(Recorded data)
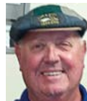
Dennis Dillon Catholic Stand Přeložila Pavel Štíčka

V závěru mše svaté kněz často říká: „Oslavujte Boha svými skutky.“ Vzájemná láska má být na našem seznamu skutků na jednom z nejpřednějších míst.
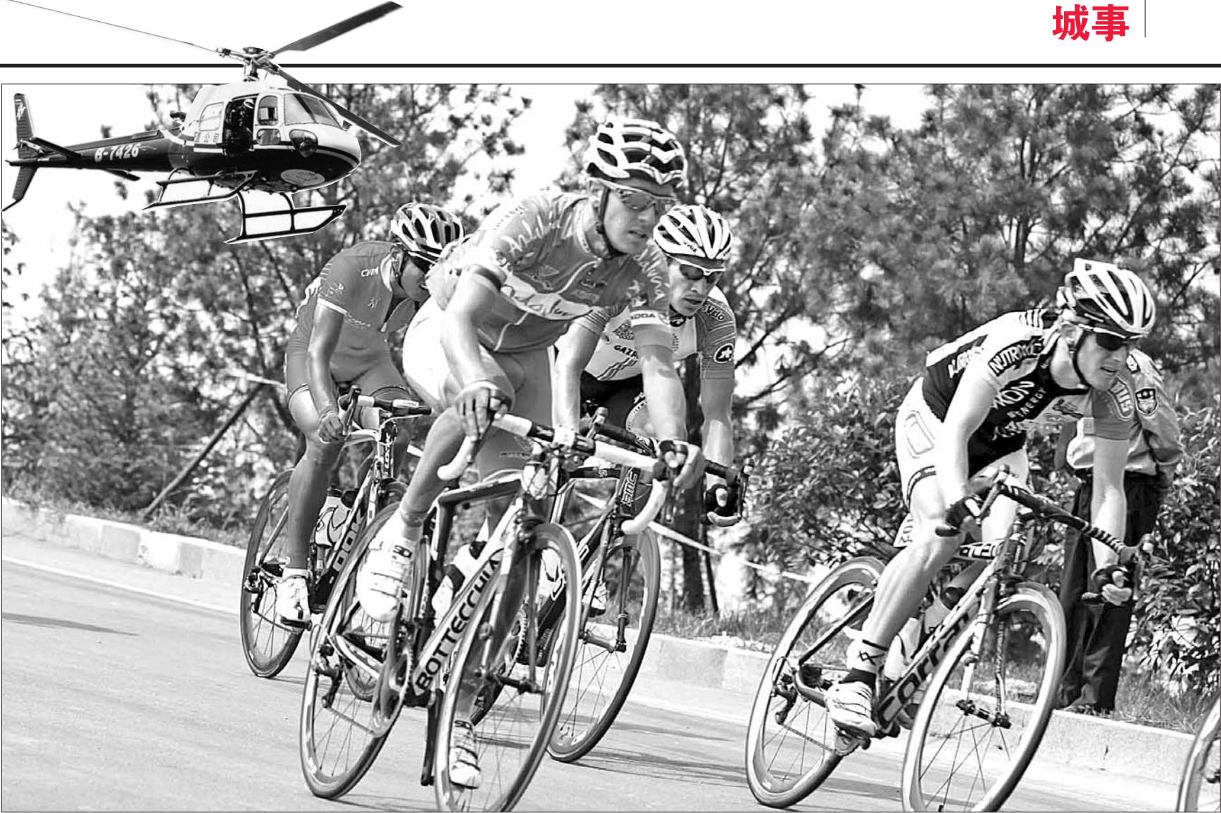
选手们展开激烈角逐。
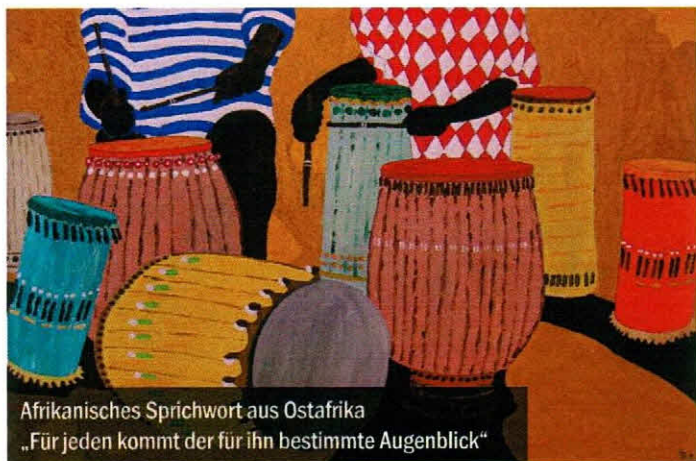
Afrikanisches Sprichwort aus Ostafrika „Für jeden kommt der für ihn bestimmte Augenblick“

am Freitag, den 29.06.2012 ab 17.00 Uhr Eintritt frei
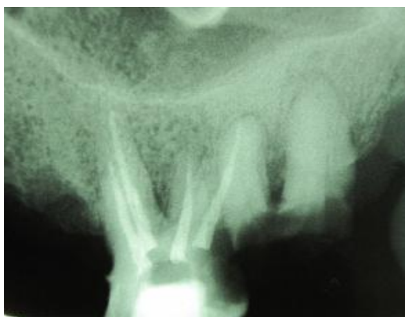
شکل 3- ب) اشعه مرکزی از سمت مزایال تابانده شد.
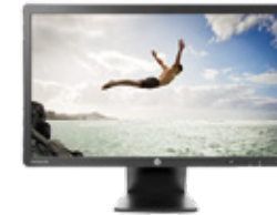
HP EliteDisplay E231 LED (Ref.: C9V75AA)
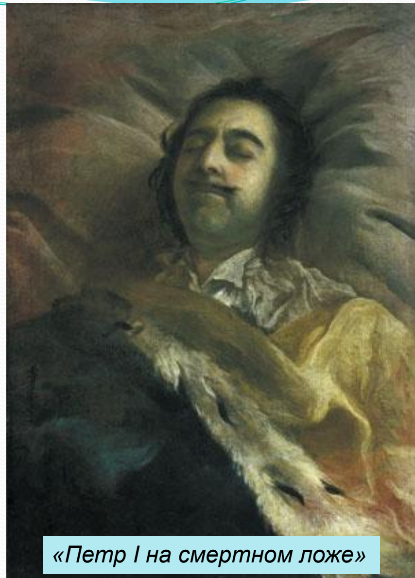
«Петр I на смертном ложе»

● Популярность приобрела портретная живопись . Основоположником русской светской живописи является Иван Никитич Никитин , обучавшийся в Италии. Его кисти принадлежат работы: « Напольный гетман », « Петр I на смертном ложе ». Ему присуще правдивое изображение героев, интерес к внутреннему миру человека, показ не только индивидуальных внешних черт, но и характера.
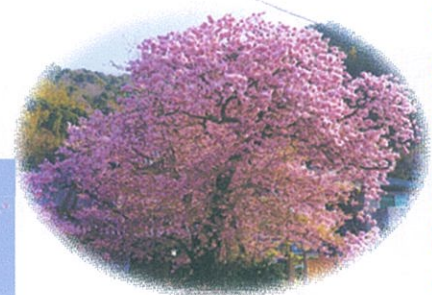
河津桜の原木です
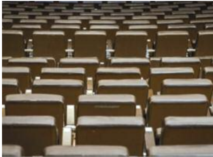
La Generalitat millorarà els equipaments culturals.

Entre les línies d'actuació principals, destaca la millora de l'accessibilitat dels equipaments i la fixació d'un percentatge mínim de representacions amb audiodescripció i subtítolació, i la transició cap a la sostenibilitat dels equipaments. Això pel que fa a la millora dels espais. Mentre que pel que fa a les accions que han d'impulsar la cultura en si mateixa, es donaran subvencions a aquelles actuacions que tinguin perspectiva de gènere, es donarà suport als projectes culturals dels joves, s'impulsaran les
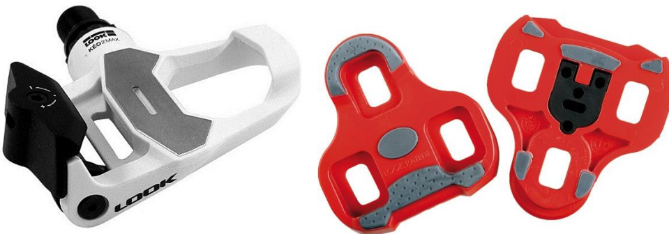
Look Kéo Pedalsystem für Rennrad. Bauform vor Jahr 2004 ist nicht kompatibel
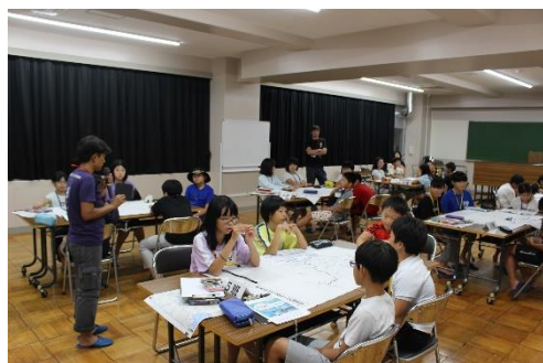
夕飯を食べて最後にグループワーク
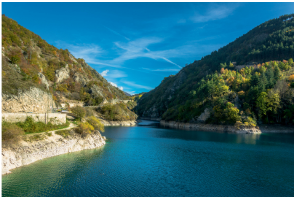
Figure 2b. Parco letterario Gabriele D'Annunzio : les gorges du Sagittaire.
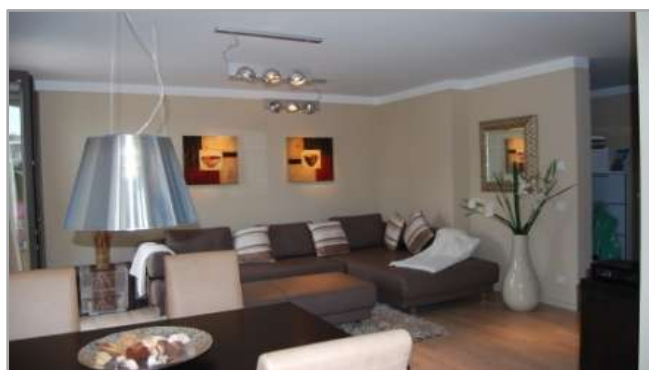
Wohnzimmer mit Essbereich und Schreibtisch
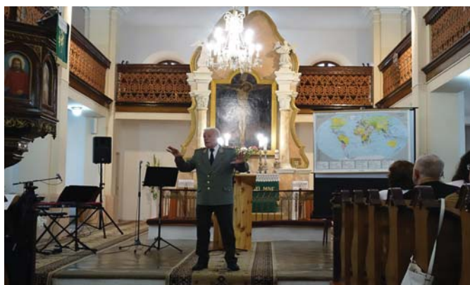
Návšteva Lubina 2019

Štefánik vždy vedel, čo chce a išiel za svojím cieľom. Miloval nadovšetko svoj národ, túžil vydobýť pre neho slobodu a uznanie vo svete. Stálo ho to veľa odriekania, hladovania, štúdia, skúmania, bádania a vyjednávania s vtedajšími politickými mocnosťami. Nebolo to vždy ľahké, ale on sa nebál
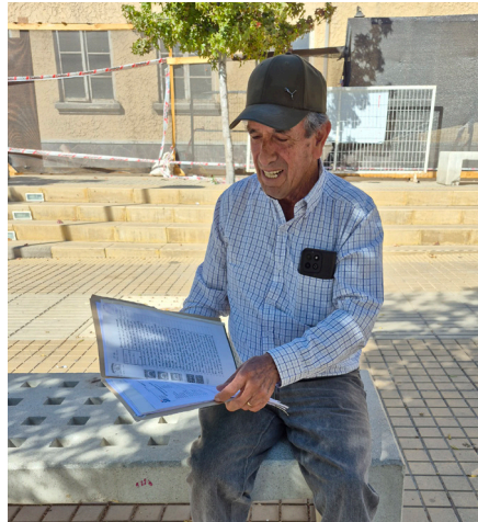
El dirigente minero con la documentación de la futura planta tecnológica.

Terreno en comodato por 5 años (otorgado por Teck). $350 millones aportados para estudios (Mesa CAT). Avance actual: 40%. Meta: estudios y permisos listos en octubre. Inversión estimada para la planta: $4.000 millones.
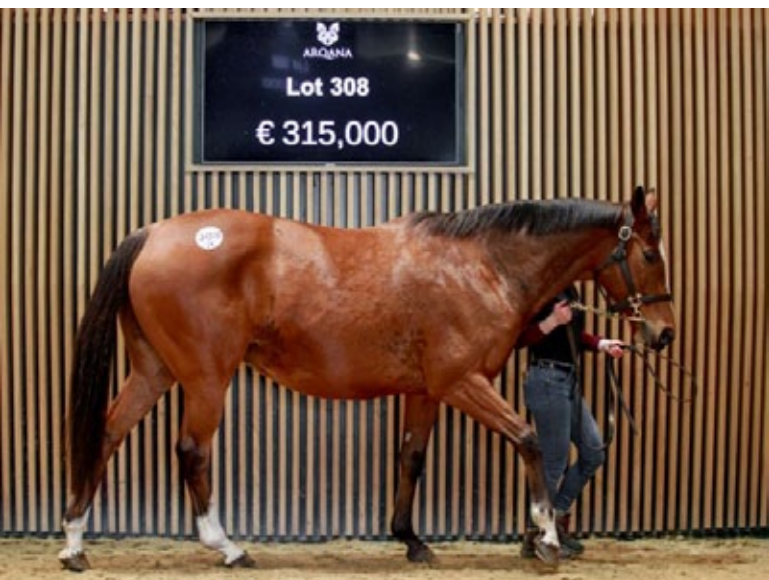
Rasmiya findet in Irland eine neue Heimat.

Eine von Mehmas tragende Galileo-Stute war zu einem Zuschlag von 315.000 Euro das teuerste Pferde der zweitägigen Vente Mixte de Février von Arqana zur Wochenmitte in Deauville. Die zehn Jahre alte Rasmiya (Galileo), Schwester von vier Blacktype-Pferden, Mutter der Listensiegerin Jouza (Toronado), ging für 315.000 Euro an die BBA Ireland. Die Agentur war noch zwei weitere Male in hochpreisigen Regionen unterwegs. Für 200.000 Euro erwarb sie aus dem Angebot des Aga Khan die nicht gelaufene, vier Jahre alte Zerziyna (Fastnet Rock) aus der Familie von Zarak (Dubawi), die zweite Mutter ist die "Arc"-Siegerin Zarkava (Zamindar). Auf 102.000 Euro kletterte die vier Jahre alte Majal (Shalaa), die wie Rasmiya vom Haras de Bouquetot angeboten wurde. Im Training bei Nicolas Clement hatte sie vergangenes Jahr in Angers gewonnen. Ihre Mutter Peaceful Love (Dashing Blade) ist Schwester der "Diana"-Siegerin Palmas (Lord of England). Eamon Reilly von BBA Ireland bekam den Zuschlag, es geht für sie wie für die beiden anderen als Zuchtstute nach Irland. Mutmaßlich wurde das Trio für Yulong Investments gekauft, denn dessen Deckhengst Lucky Vega wurde als möglicher Partner für die Stuten genannt.
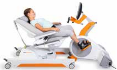
WCZESNA MOBILIZACJA I BIERNY & AKTYWNY ROM
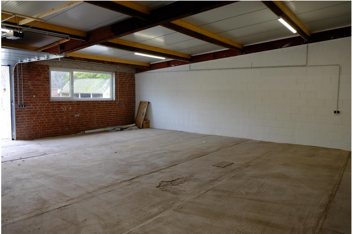
Gebäude 2 - 100 m 2 - Innen
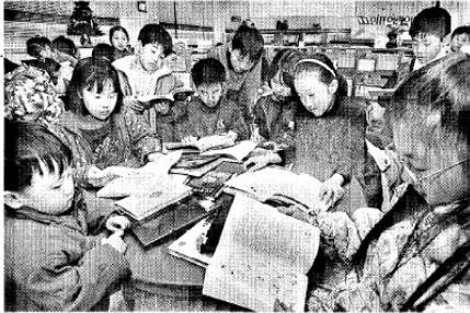
〈그림 2〉 “어린이전용 도서관 6곳 겨울방학프로 다양”(『中央日報』, 1994.12.13).

도서관에서는 91년도부터 보다 본격적인 이동도서관 운영에 나섰다. 지역을 순회하며 책을 대출해주던 것에서 더 나아가 역, 터미널, 운동경기장 등에 대기하면서 인근 주민이나 경기를 기다리는 사람들에게 책을 열람할 수 있도록 했다. 이 도서관은 대형버스를 열람실로 특수제작하여, 버스에 서가를 설치하고 열람석은 물론 냉·온장고까지 비치해 무료로 음료까지 제공했으며, 신간·우량도서와 VTR·TV까지 설치하여 비디오 프로그램도 시청할 수 있게 했다. 뿐만 아니라 전시·공연 등 각종 문화행사 정보자료도 비치했다. 열
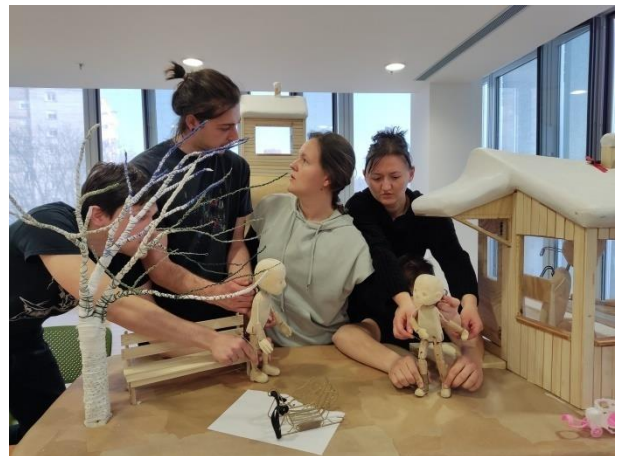
Slika 2. Prvo postavljanje scena

Sljedeći korak u radu je bio „upoznavanje“ s lutkom. „Na lutkarskoj sceni se susreću dva tvorca scenskog lika, glumac i kipar, predstavnik kazališne i predstavnik likovne umjetnosti, dinamika glumačke i statika likovne umjetnosti, s jedne strane biće koje se ne može očitovati izvan vremena, s druge strane biće na koje vrijeme ne utječe.“ 8 Zanimljiv mi se učinio navedeni citat za početak opisa svog rada s lutkom jer me je navodio na preispitivanje odnosa u suradnji:
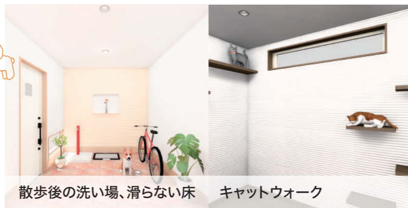
散歩後の洗い場、滑らない床

定年退職後にペットを飼い始めるという方も多いものです。床板を滑らないものにしてみたり、キャットウォークを作ってみたり、ワンちゃんやネコちゃんと快適な生活を送る為のリフォームも考えてみてはいかがでしょうか。
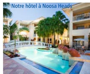
Notre hôtel à Noosa Heads
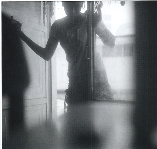
Thomas Chable Chiré, Ethiopie, 2013.
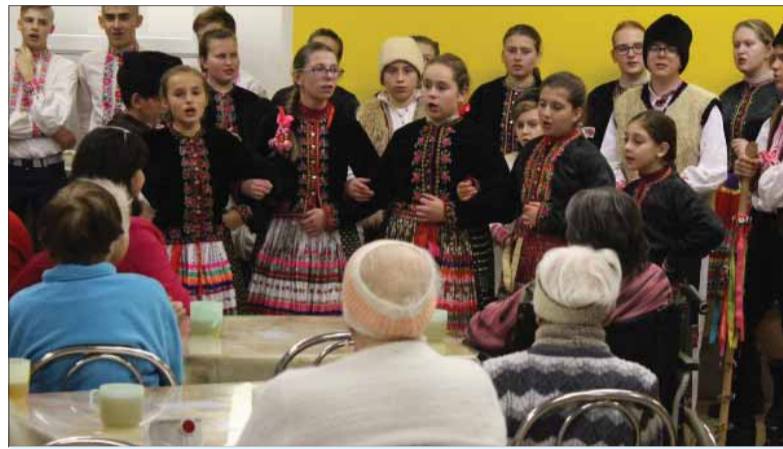
Počas predvianočnej misie po sociálnych zariadeniach a detských domovoch navštívili malí-velkí hrušovskí folkloristi šesť zariadení, aby v nich rozdelili veľa optimizmu a radosti

Z príjemného prostredia spod vychádzajúcim slnkom ožiareného
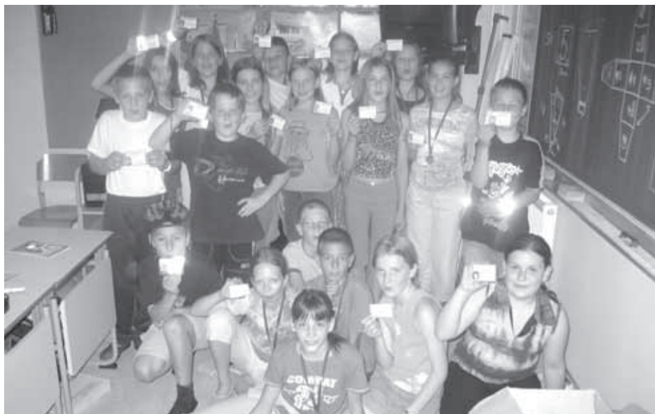
UČENCI 5.A RAZREDA S KOLESARSKIMI IZKAZNICAMI

• _Exercise goal_
From the records above, write out exactly the lines that begin at the line with "WCZESNA MOBILIZACJA I BIERNY & AKTYWNY ROM" and end at the line with "Slika 2. Prvo postavljanje scena". Pictures must not appear in the output.

• _Your response_
WCZESNA MOBILIZACJA I BIERNY & AKTYWNY ROM
Gebäude 2 - 100 m 2 - Innen
〈그림 2〉 “어린이전용 도서관 6곳 겨울방학프로 다양”(『中央日報』, 1994.12.13).

도서관에서는 91년도부터 보다 본격적인 이동도서관 운영에 나섰다. 지역을 순회하며 책을 대출해주던 것에서 더 나아가 역, 터미널, 운동경기장 등에 대기하면서 인근 주민이나 경기를 기다리는 사람들에게 책을 열람할 수 있도록 했다. 이 도서관은 대형버스를 열람실로 특수제작하여, 버스에 서가를 설치하고 열람석은 물론 냉·온장고까지 비치해 무료로 음료까지 제공했으며, 신간·우량도서와 VTR·TV까지 설치하여 비디오 프로그램도 시청할 수 있게 했다. 뿐만 아니라 전시·공연 등 각종 문화행사 정보자료도 비치했다. 열
Slika 2. Prvo postavljanje scena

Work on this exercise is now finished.